No great harm will be done in repealing this archaic statute that has become even more ridiculous because of the lack of physical evidence that would have marked town lines had the law been observed from its inception. The selectmen and women would surely become lost.

However, it is important that the original intent and reasoning behind this statute be given serious thought. As Weber pointed out, the perambulation law first appeared in Maine in 1868, “following a property line dispute between the Small family and the Lufkins.” This important clue as to why someone came up with this statute makes sense to surveyors and others who deal with property boundaries, especially those descriptions calling for the town line to be a boundary.

Further investigation reveals that only the two towns that share a common boundary can agree as to where that boundary line is.

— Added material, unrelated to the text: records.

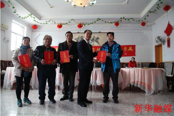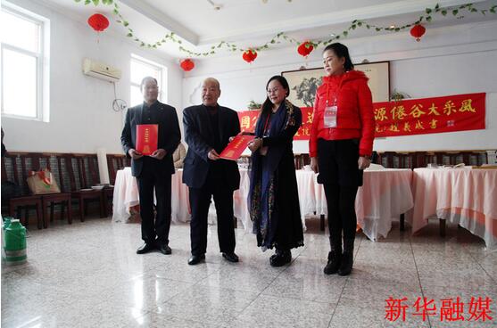 桃源仙谷旅游景区管理处处长郭宝发致欢迎词,向书画家赠送了《世外桃源》大型画册;北京旅游报总编刘国伟介绍了景区特色,赠送了《北京旅游报》样报;书画中国公益行组委会主任康留国向书画家、媒体代表颁发了《采风证》,宣布书画中国公益行走进桃源仙谷活动正式启动。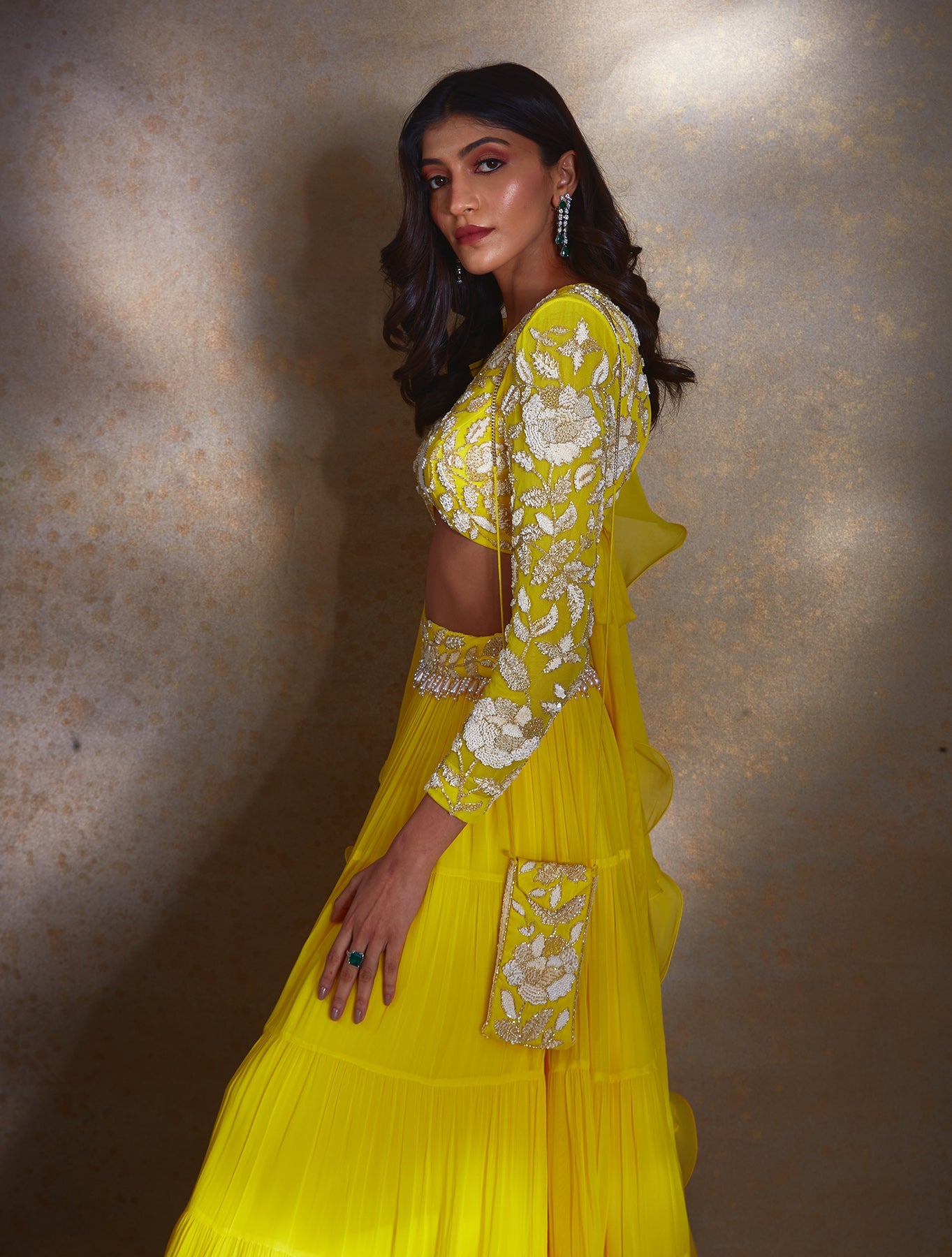 'Ellen Phone Cover' is from Winter Sun collection by Shloka Khialani. Yellow phone cover hand embellished with ivory & silver camellia florals with a cord & white gold metal strap. Designed to match the Luna Sari & Ellen Lehenga.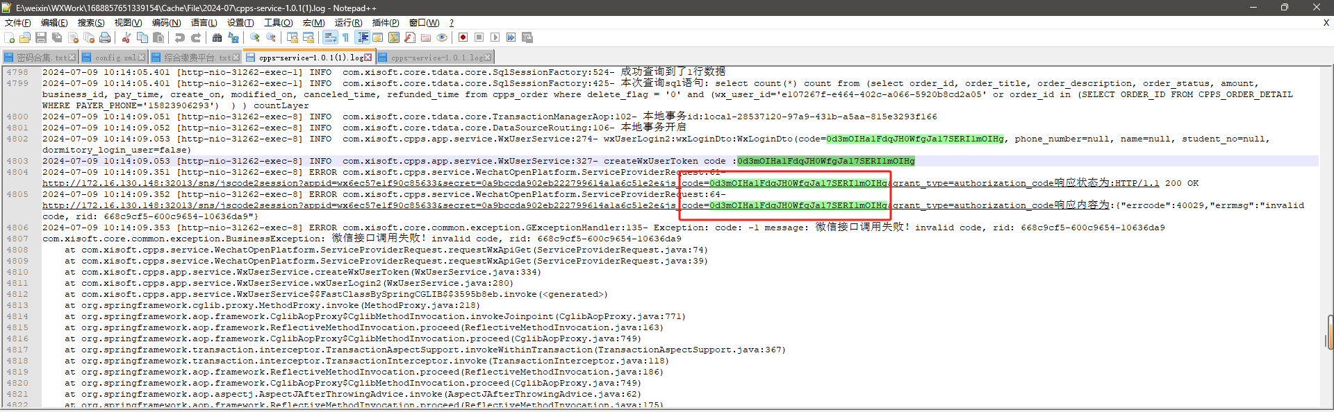 微信公众号网页授权,code获取到之后就调用接口了,后台和前端所用的appid是同一个,有伙伴看下吗 {"errcode":40029,"errmsg":"invalid code, rid: 65e6ba6f-3c25e09e -5b37b769"}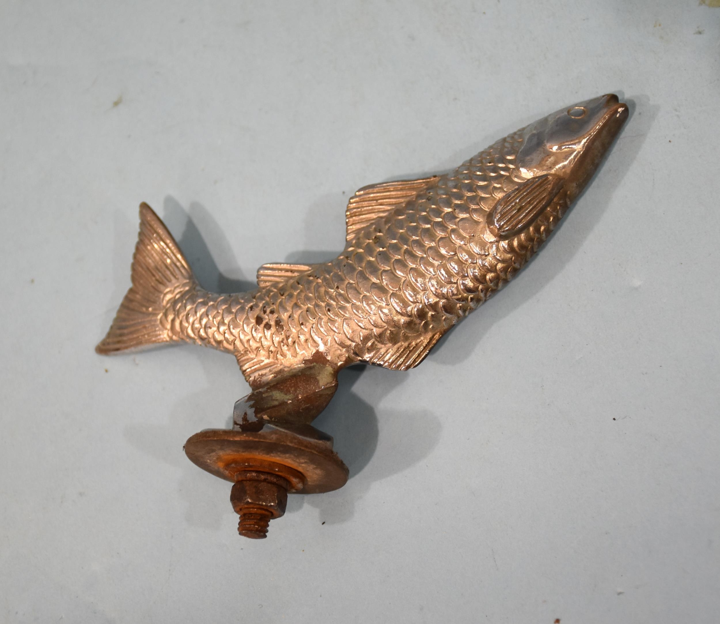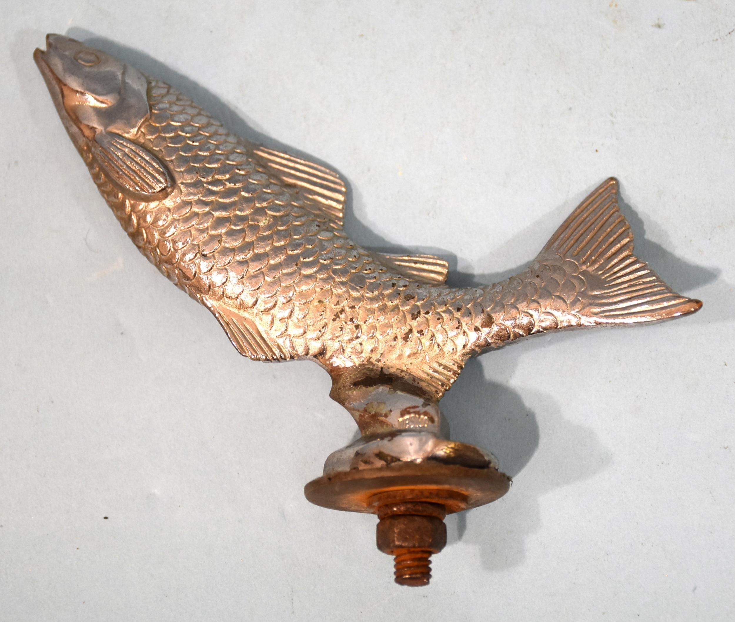 A Desmo chrome-plated leaping salmon car mascot, 16cm long.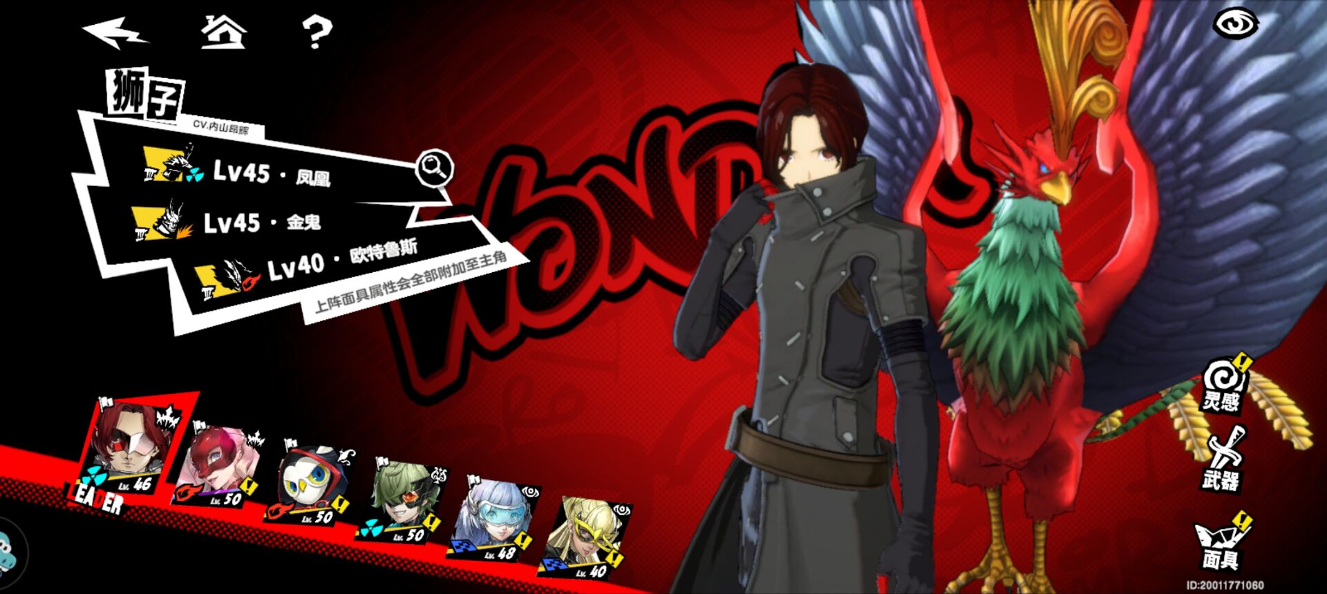 其他2个面具随意!但是凤凰面具一定要带,因为需要靠这个面具打weak机制!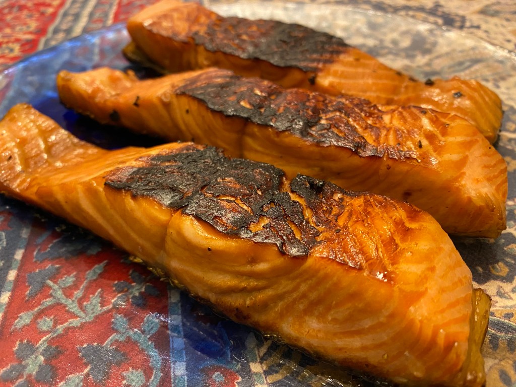 I learned this recipe from Waimar and her father. Marinate four salmon fillets (about 24 oz) in approximately ¼ cup low sodium soy sauce, 1/3 cup mirin, 2 tsp honey, and 1 tsp black pepper for about 30 mins. (Oct. 2015)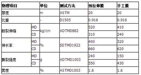 纏繞拉伸膜技術參數: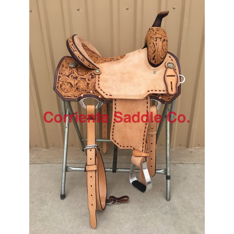 SeatCan Be Changed To A Solid Color Suede Seat Of Your ChoiceFURTHER DETAILSThis saddle is built on a wooden rawhide covered tree and comes with a latigo, back flank, stirrups, back billets and offstrap. To order give us a call or email us and we will get started on one for you. We take Visa, Mastercard and Discover. We offer seat sizes 12″ inch, 12.5″ inch, 13″ inch, 13.5″ inch, 14″ inch, 14.5 inch, 15″ inch, 15.5″ inch, 16″ inch, 16.5″ inch and 17″ inch in this saddle. You can also choose between a 4″ inch or 5″ inch tall cantle. On any saddle, we can add your brand, custom lettering, upgraded conchos, upgraded stirrups, etc. Trophy lettering is available for $50 as well on any saddle.Seat can be changed to a solid color suede seat of your choice.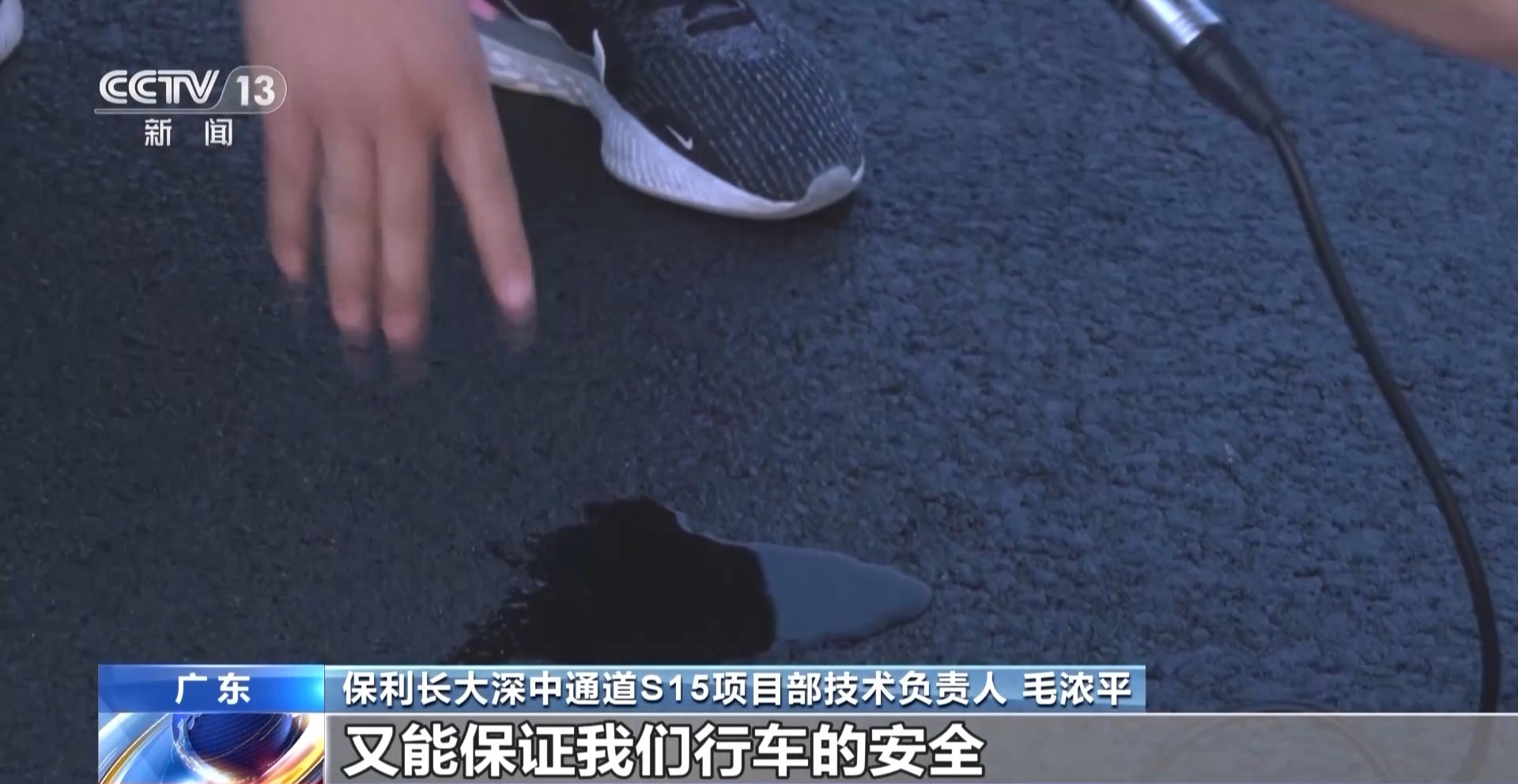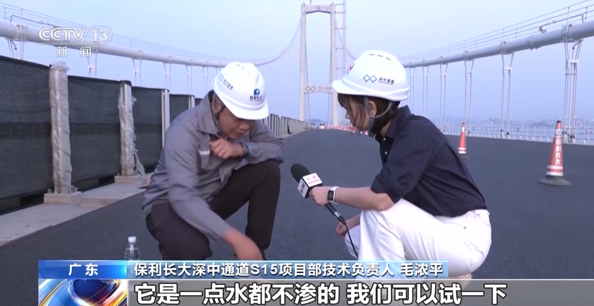 保利长大深中通道S15项目部技术负责人 毛浓平:目前看到的这个路面非常密实。它是一点水都不渗的,我们可以试一下。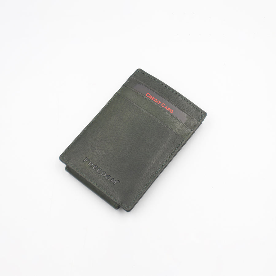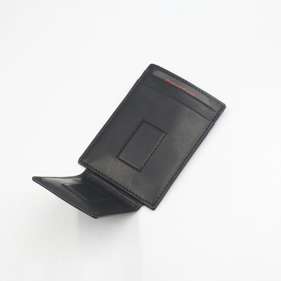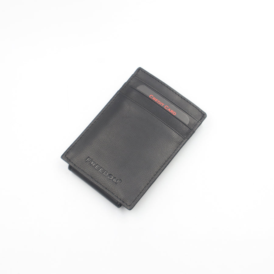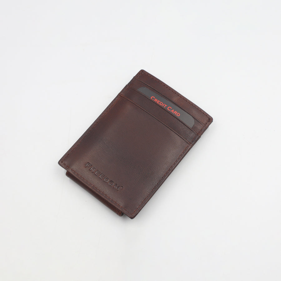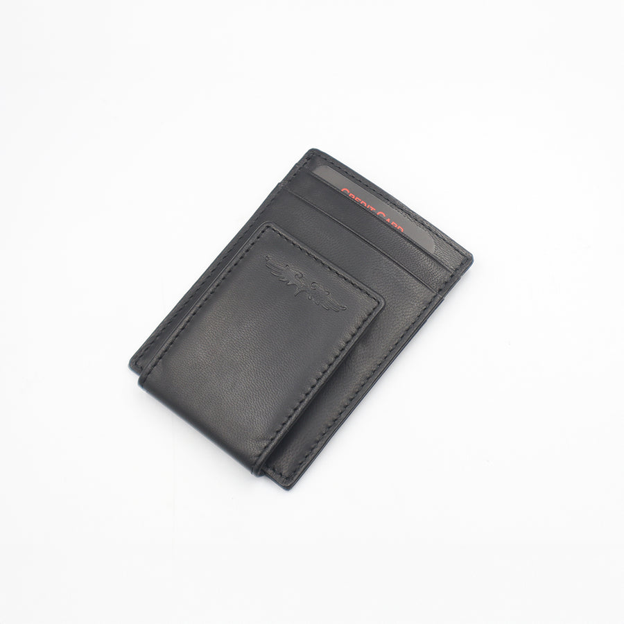 Tarjetero de piel genuina con multiples compartimentos y con clip para guardar billetes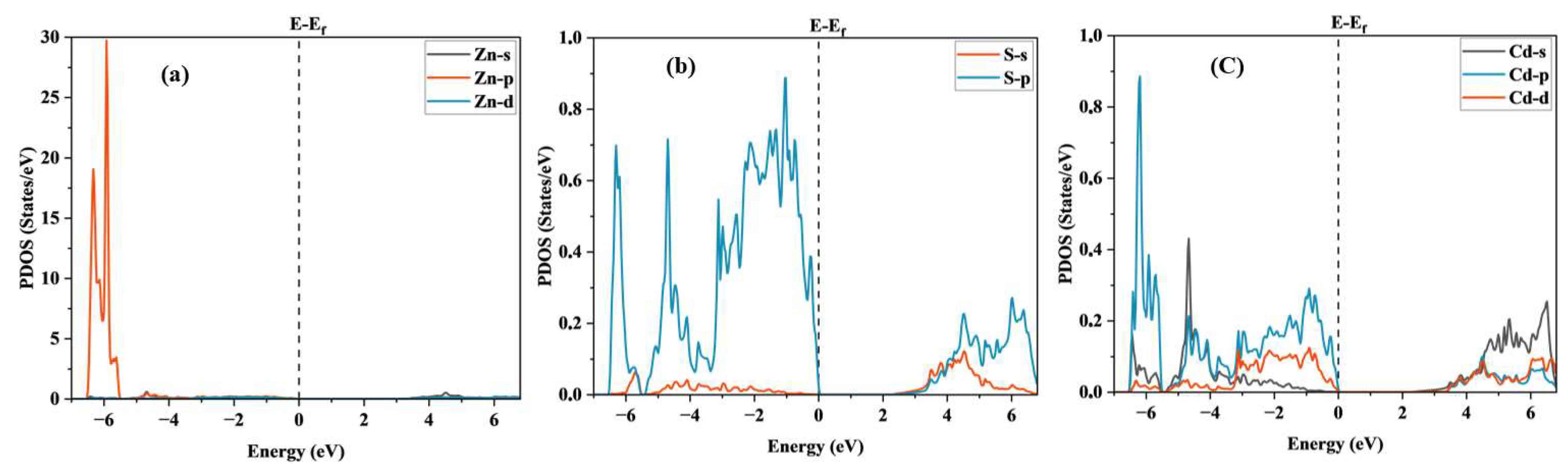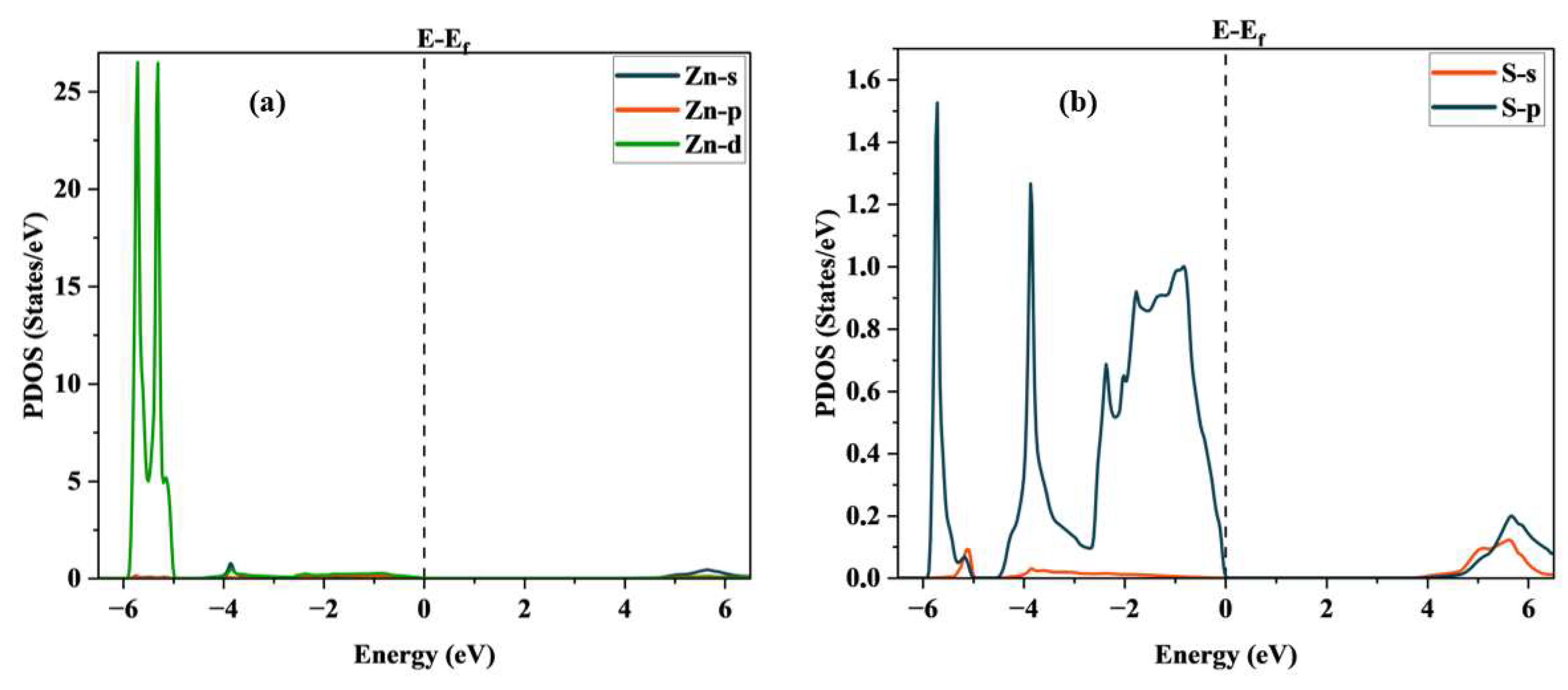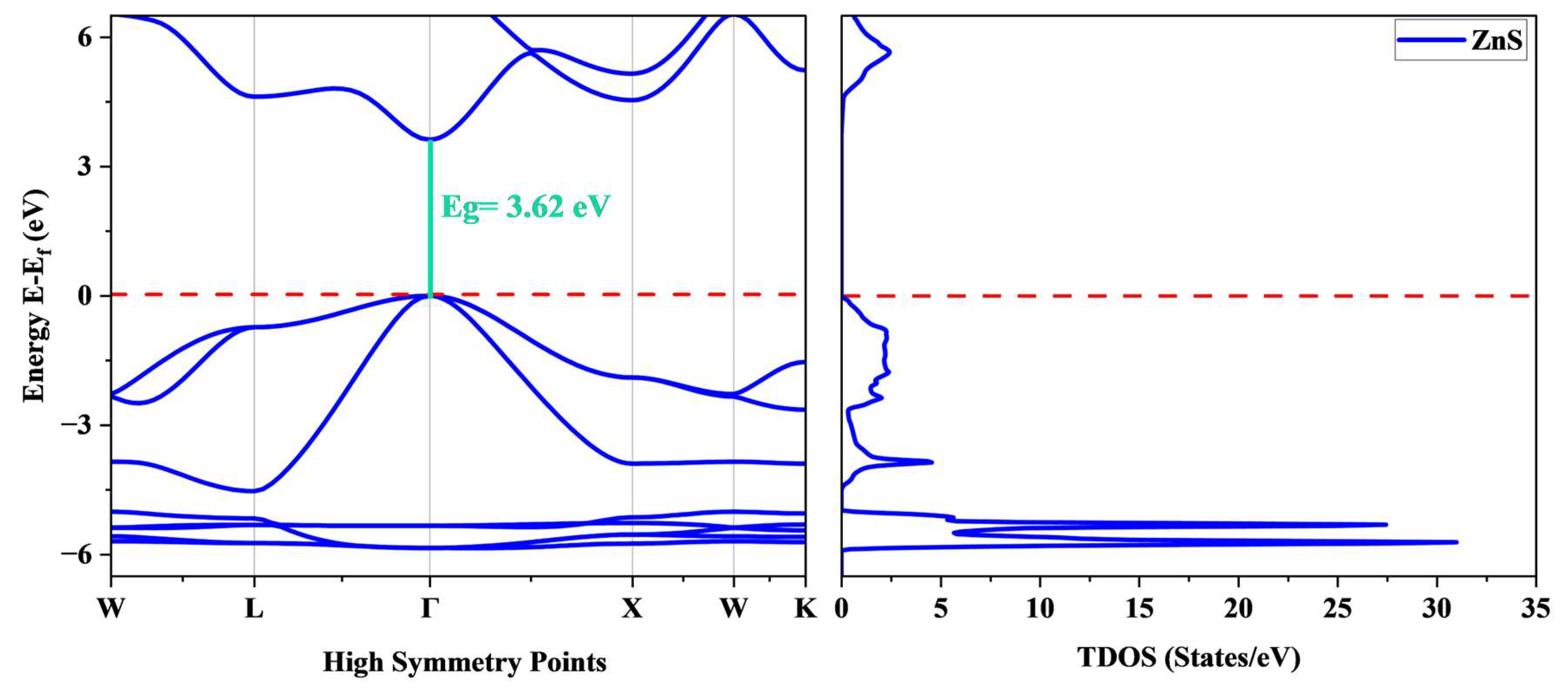 3.6.2. Electronic Structure of Pure and Cd-Doped ZnS (6%)

Landowners on either side of a town line cannot establish the location of the town line, which is also their common line.

It becomes obvious that when the exact location the town line has been lost, and two abutting landowners dependent on the location of that town line disagree as to its location, there is potential for a boundary dispute. This can only be resolved by correctly locating that town line on the face of the earth.

It surprises me that an individual who owns land bounded by a town line that was ambiguous has not taken the issue to court and sued the town for not living up to its responsibility.

Now the intent of that 1868 legislature begins to make sense. By requiring the selectmen to perambulate the lines within a reasonable time period, it was hoped that the physical evidence along that line would be preserved and not lost with the passage of time. Now we know the law as written has failed. However, the original intent and purpose of such a law still exists in 2003, maybe even more so, because most towns no longer have physical evidence for 100 percent of their town lines.

In the debate over repealing the perambulation statute, it is important that serious thought be given as to why the law first appeared, why is hasn’t worked and what should take its place to make sure towns meet their responsibilities. For those who feel the law is not necessary because town lines are duly recorded at the registry of deeds, one only need consult any surveyor to learn that often the registry of deeds information does little to locate a boundary line on the face of the earth. Hence, surveyors often recommend a boundary agreement between abutters. When the abutters are towns, only the towns can settle the issue as to exactly where the town line is or will be located.

The towns have a responsibility to determine where these lines will be. With modern surveying techniques, it may be easier to reconstruct the location of those lines on the face of the earth, at any time in the future, once the abutting towns have agreed on the location and permanent mounting has been put in place.

Even though the repeal makes sense, it is important that the Legislature come up with a plan that will give the towns a reasonable amount of time to accomplish what they have failed to do for nearly a century and a half. The need is still there.

Richard N. Bedard lives in Columbia Falls.